Yup this is one of those things I can relate to both ways. I will always turn down when the sound guy asks me to, but only to a point. If I can't hear myself from my cab, it really takes the wind out of my sail. I don't want to rely on the monitor and it's interpretation of my tone - sometimes its fine but often trash, depending on the sound guy and gear. I might feel different if I knew the monitor feed would sound great every night.

In an effort to accommodate stage volume limits and still hear myself, i've built my rig so that my top cab is always pointing right at my head at ear level, so i can always hear myself well without blasting the stage and everyone else, and i'm also able to adjust it's volume independently from my bottom 2 cabs so if i need to turn it up it does not affect the miced mix.


----------



## FILTHnFEAR (May 29, 2015)

VBCheeseGrater said:


> In an effort to accommodate stage volume limits and still hear myself, i've built my rig so that my top cab is always pointing right at my head at ear level, so i can always hear myself well without blasting the stage and everyone else, and i'm also able to adjust it's volume independently from my bottom 2 cabs so if i need to turn it up it does not affect the miced mix.



Good idea.


----------



## Blasphemer (May 30, 2015)

VBCheeseGrater said:


> Yup this is one of those things I can relate to both ways. I will always turn down when the sound guy asks me to, but only to a point. If I can't hear myself from my cab, it really takes the wind out of my sail. I don't want to rely on the monitor and it's interpretation of my tone - sometimes its fine but often trash, depending on the sound guy and gear. I might feel different if I knew the monitor feed would sound great every night.

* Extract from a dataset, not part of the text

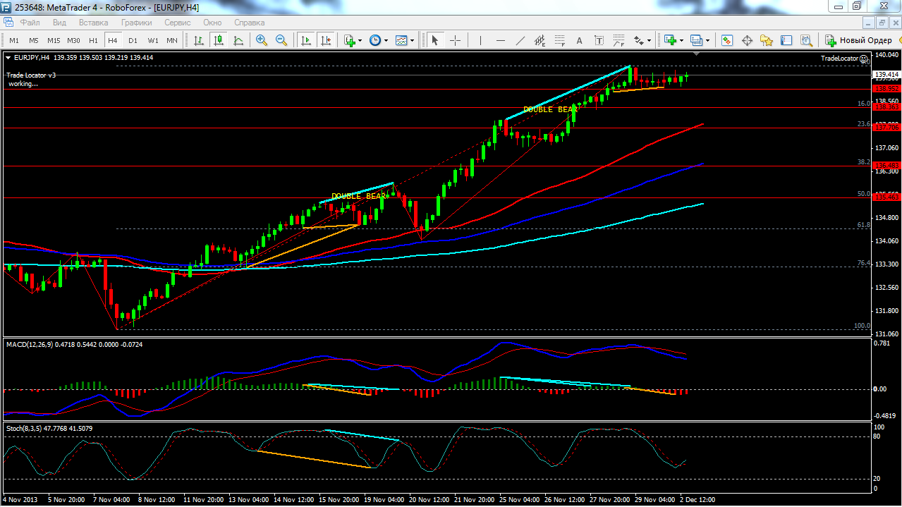 В связи с тем что по паре EUR\JPY торговля ведется выше ЕМА 24.50.100. дополнительный индикатор выше нулевой линии с показанием на повышение а основной индикатор дает сигнал на покупку. судя по показаний на рынке торговлю ведут быки которые продвигают цену на север. по пути следования сильный уровень фрактала и закрепление цены выше этого уровня означает дальнейшее движение на север до уровня 139.63. Прикрепленные файлы:

Have you considered something like the Radial JDX? Consistent FOH tone from night to night, so no surprises in the wedge


----------



## UnattendedGolfcart (May 31, 2015)

Definitely has to do with the monitors and FOH guy. When I was younger and played in my band we sounded like crap on all fronts, because 1) the venue we played at had crap monitors and a not good sound guy who we didn't really talk to, 2) our Line 6 Spider IV amps believe it or not do not sound good cranked (lol) and 3) we didn't practice meticulously enough.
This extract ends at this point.